Spam in blog comments has become a problem in the blogosphere lately. Bloggers have been busy manually deleting entries, blocking IP addresses and some people have come up with comment spam filters that use keywords and such in a similar way as spam filters do.

Now here’s a thought: Comments are sent using forms on web pages and these pages are controlled by the blog owners – right? This means it is radically different from email spam, where the sender’s only connection to the recipient is knowing (or guessing) his or her email address.

I believe a solution to the problem would be to require the sender to do something “uniquely human”, similar to the image identification methods used by many free email services to fight of robot registrations.

As an example, a comment page could ask the commenter to “Click the image of the duck, the dog and the diamond to post your comment” and then display a selection of, say 9 pictures to choose from. These would again be selected randomly from a huge set of such pictures. If he or she gets the sequence right, the comment is posted, but fail to match the sequence in, say, 3 tries, and your comments are blocked. This is almost no additional hassle for the commenter, but is a task that – if the system is decently implemented – would be very hard for a spam program to get correctly.

11 comments

  1. Technically, that is an interesting and fun suggestion. Practically, however, it doesn’t achieve what you would like it to achieve.

    In fact, using your test, OCR and image recognition technology would make some computers more human than blind (or partially sighted) people, users using text-based or aural browsers (lynx, JAWS, etc etc), or users on slow connections (who may prefer to browse with images off).
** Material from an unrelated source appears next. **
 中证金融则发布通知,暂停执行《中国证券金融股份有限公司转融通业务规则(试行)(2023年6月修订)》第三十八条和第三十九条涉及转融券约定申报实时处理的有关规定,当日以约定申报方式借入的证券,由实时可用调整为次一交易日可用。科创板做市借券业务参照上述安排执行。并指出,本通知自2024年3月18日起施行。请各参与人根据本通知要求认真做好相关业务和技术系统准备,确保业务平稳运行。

    There are better ways, but unfortunately assuming that people use the same methods of access that you do is not one of them…

  2. Good point Jay.

    While the groups you talk about are a miniscule part of the web surfers, their needs should obviously not be overlooked. As for the slow connections, a quick calculation tells me that this could be implemented using images that would be less than 1KB each (even as low as 100B by using b/w images).

    A solution for the visually impaired could use oral hints instead of images, maybe: “type the common name of the animal that says MIAAAW”. A similar approach could probably be implemented for text browsers as well.
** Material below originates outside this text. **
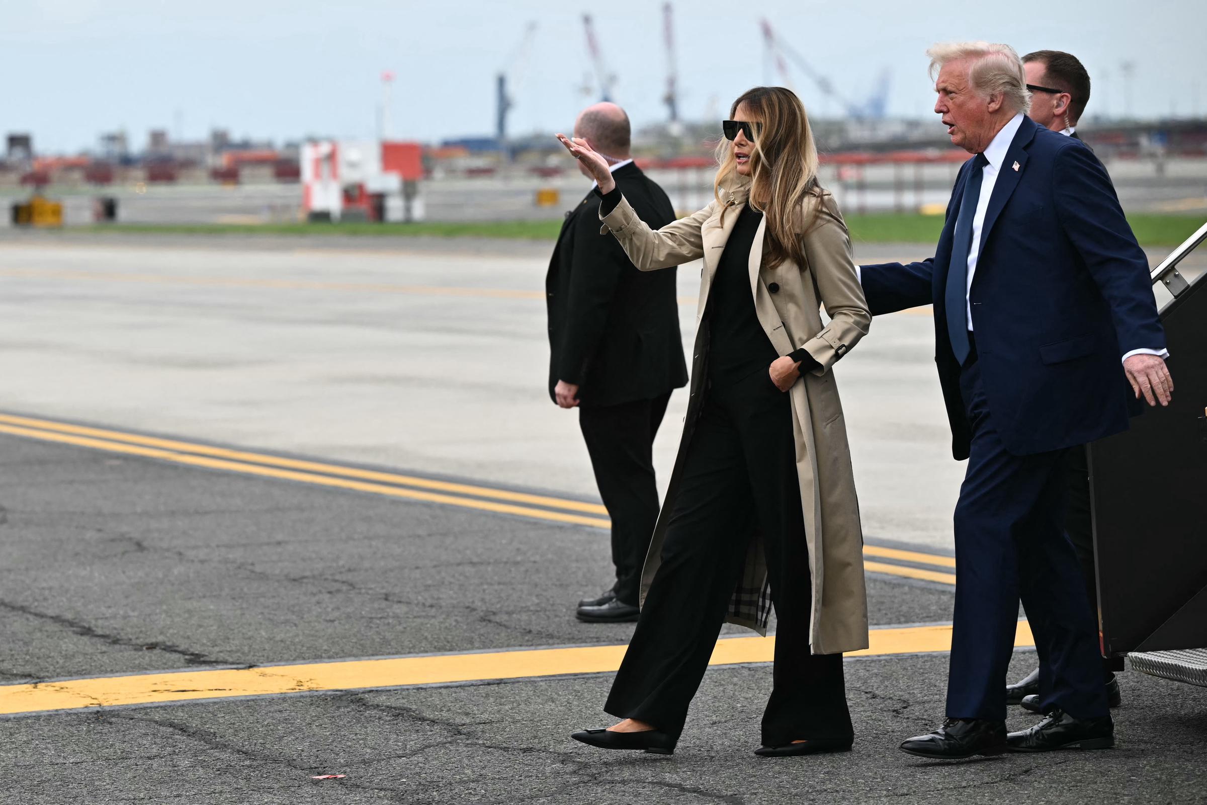 Le président Donald Trump s'entretient avec La Première Dame Melania Trump à l'aéroport international Newark Liberty de Newark, dans le New Jersey, le 26 avril 2025. | Source : Getty Images

    So I still believe that this method could be used, even though the exact implementation may vary.

  3. Indeed, offering MULTIPLE choices of rich-media test would be the way to go to make sure that you cover all the bases. Plus an easy email link to the site owner in case someone has trouble with the available choices….

  4. The assumption made when suggesting these types of systems (known as captchas) is that comment spam is left by automated bots. I don’t think that’s the case. There are several pieces of evidence that suggest comment spam is placed by real people, not machines. These people would have no problem clicking on the duck.
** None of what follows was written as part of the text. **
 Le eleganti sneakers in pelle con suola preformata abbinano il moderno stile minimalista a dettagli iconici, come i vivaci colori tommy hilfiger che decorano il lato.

  5. Another interesting point. In this entry on your blog, I see your analysis of your log files, clearly indicating human behavior. Some of the discussions on comment spam (including some of the discussions on your blog), show that much of it is still being posted by robots.

    My take on this is that as long as what we’re up against is “only human”, it can be fought by us removing the spam as soon as we find it. That way the spammers will give up wasting their time and return to their natural habitat of email (or searching for new ways to bother the rest of us). Spam filters can certainly be used to help in this fight.

    Robots on the other hand won’t give up so easily, and using captchas (thanks for improving my vocabulary) will help keeping them away.

  6. Ha!
    You (posting comments here) seem to assume that all robots are bad. How about a hypothetical (I think) scenario when a human designs a robot just to spread a useful thought? Mind here, a carefully designed artificial that intelligently looks for a few discussions that might benefit from the right comment, even though it is distributed by a robot.
    (btw. Thanks Jay for your “more human than blind people” statement. I sort of collect phrases like that…)

  7. Being a tech geek I wonder about the implimentation.
    Forms have one thing in common, i.e. the tag. I have not studied those spam bots, but I guess they filters out the form, its parameters and submit url and submit some content.
    The easy way to solve this and use captchas and make it accessable to all users is by using radio buttons with value=cat, value=dog e.t.c. and changing the submit url with javascript if the user selects the right answer 🙂
    …but is it worth the hassle?

  8. Personally, I find spamming very annoying. I’d like to see solutions that don’t require more work on side of the users.

Comments are closed.